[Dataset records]

********************

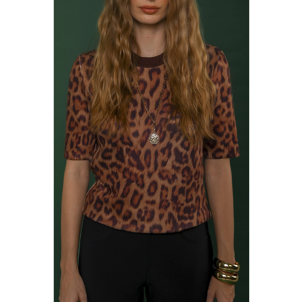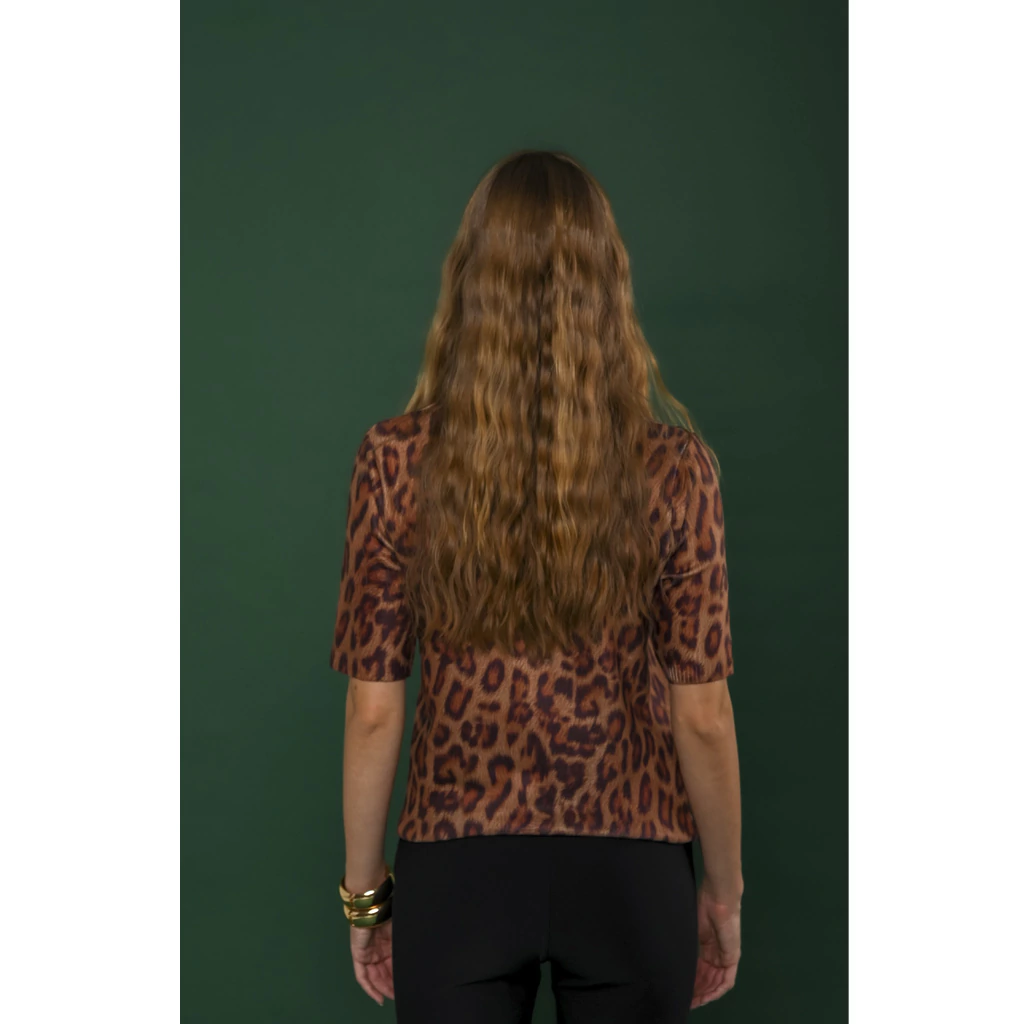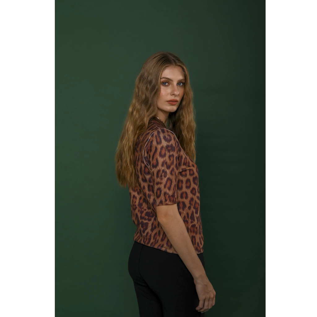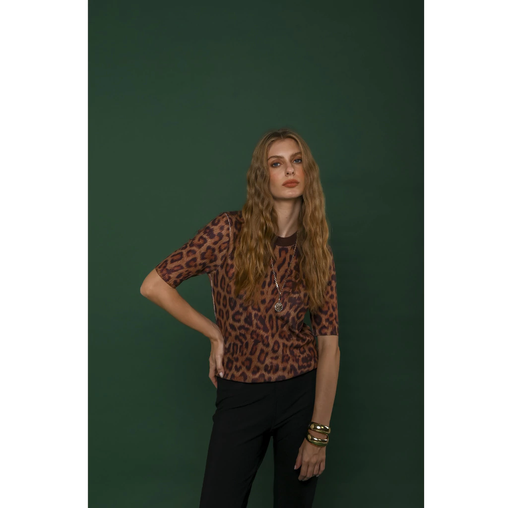 Blusa Tricot Manga Curta Elisa – a peça que faltava para transformar seu visual! Com estampa leopardo irresistível, essa blusa em tricot combina estilo e conforto em cada detalhe.
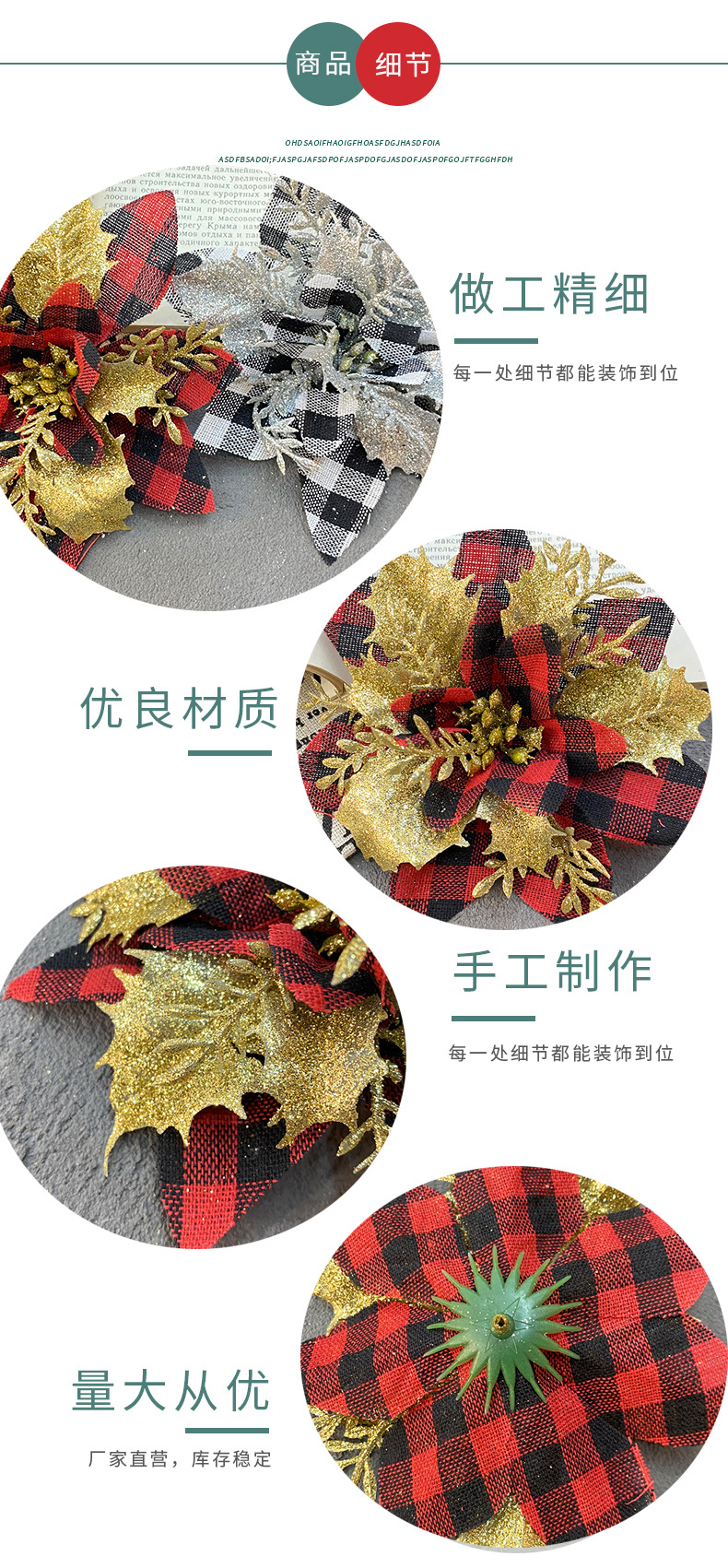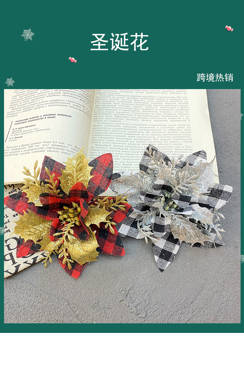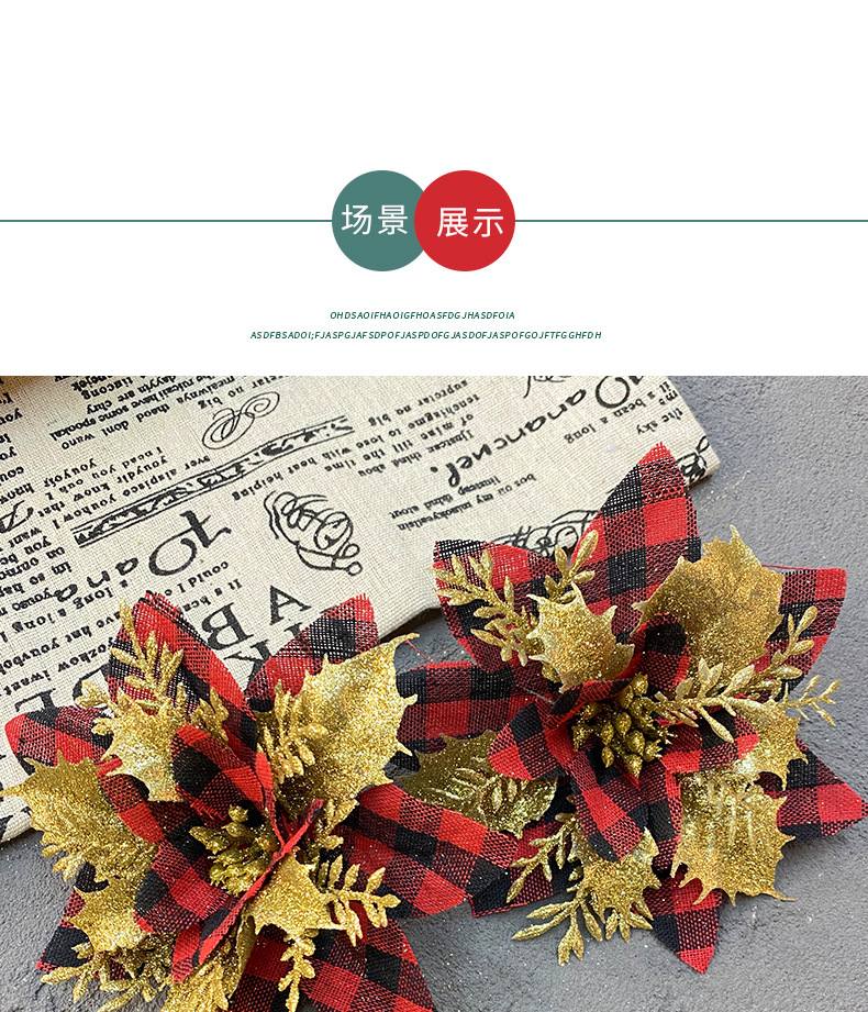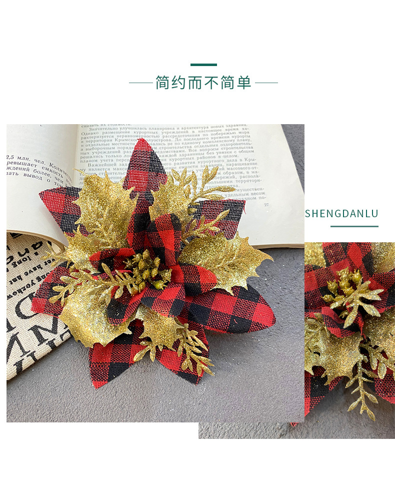 Amazon's new Christmas flower, Christmas red checkered Christmas gold powder flower, three-dimensional three-layer gold powder flower Christmas decoration
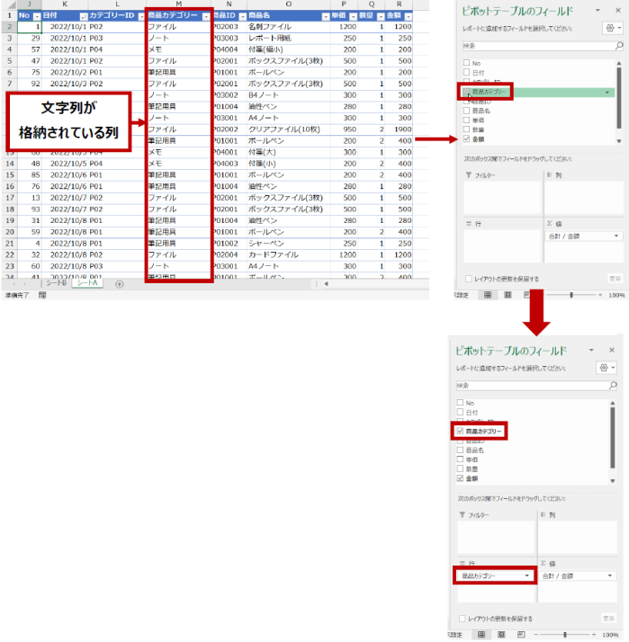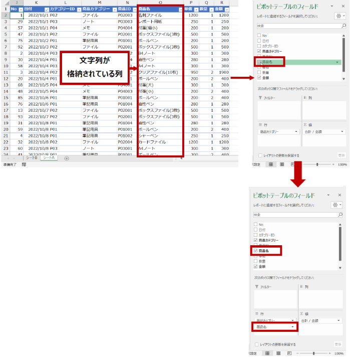 データ ソースの列に文字列データや日付データが 1 つでも含まれている場合は [行] エリアにピボットテーブル フィールドが作成されます。
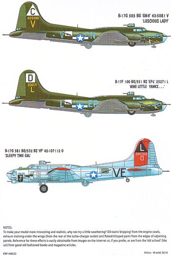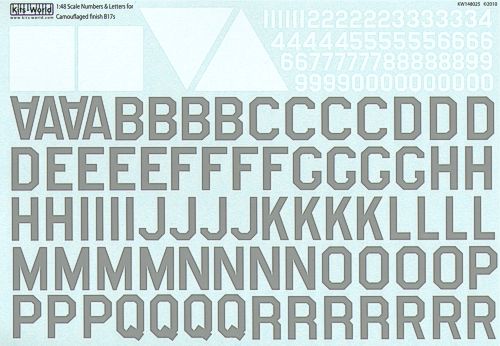 Kits-World - 1/48 Boeing B-17F/B-17G Flying Fortress General Markings Aircraft Id Numbers and Lettering (Camouflage Finish)
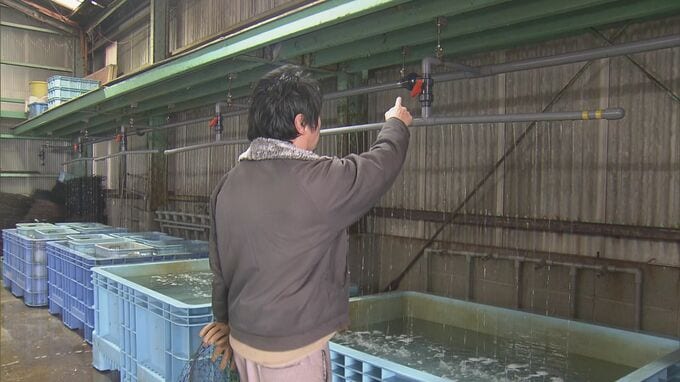 「“無菌の水”がここから流れてきます。その中に表面をきれいにしたカキを漬け込む」
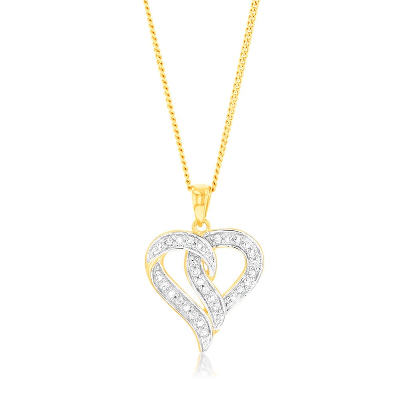 9ct Yellow Gold Heart Shaped Pendant in 14 Diamonds

********************

What you should do = Please give back all the records above word for word, with no pictures included.

Task answer =
 Blusa Tricot Manga Curta Elisa – a peça que faltava para transformar seu visual! Com estampa leopardo irresistível, essa blusa em tricot combina estilo e conforto em cada detalhe.
 Amazon's new Christmas flower, Christmas red checkered Christmas gold powder flower, three-dimensional three-layer gold powder flower Christmas decoration
 データ ソースの列に文字列データや日付データが 1 つでも含まれている場合は [行] エリアにピボットテーブル フィールドが作成されます。
 Kits-World - 1/48 Boeing B-17F/B-17G Flying Fortress General Markings Aircraft Id Numbers and Lettering (Camouflage Finish)
 「“無菌の水”がここから流れてきます。その中に表面をきれいにしたカキを漬け込む」
 9ct Yellow Gold Heart Shaped Pendant in 14 Diamonds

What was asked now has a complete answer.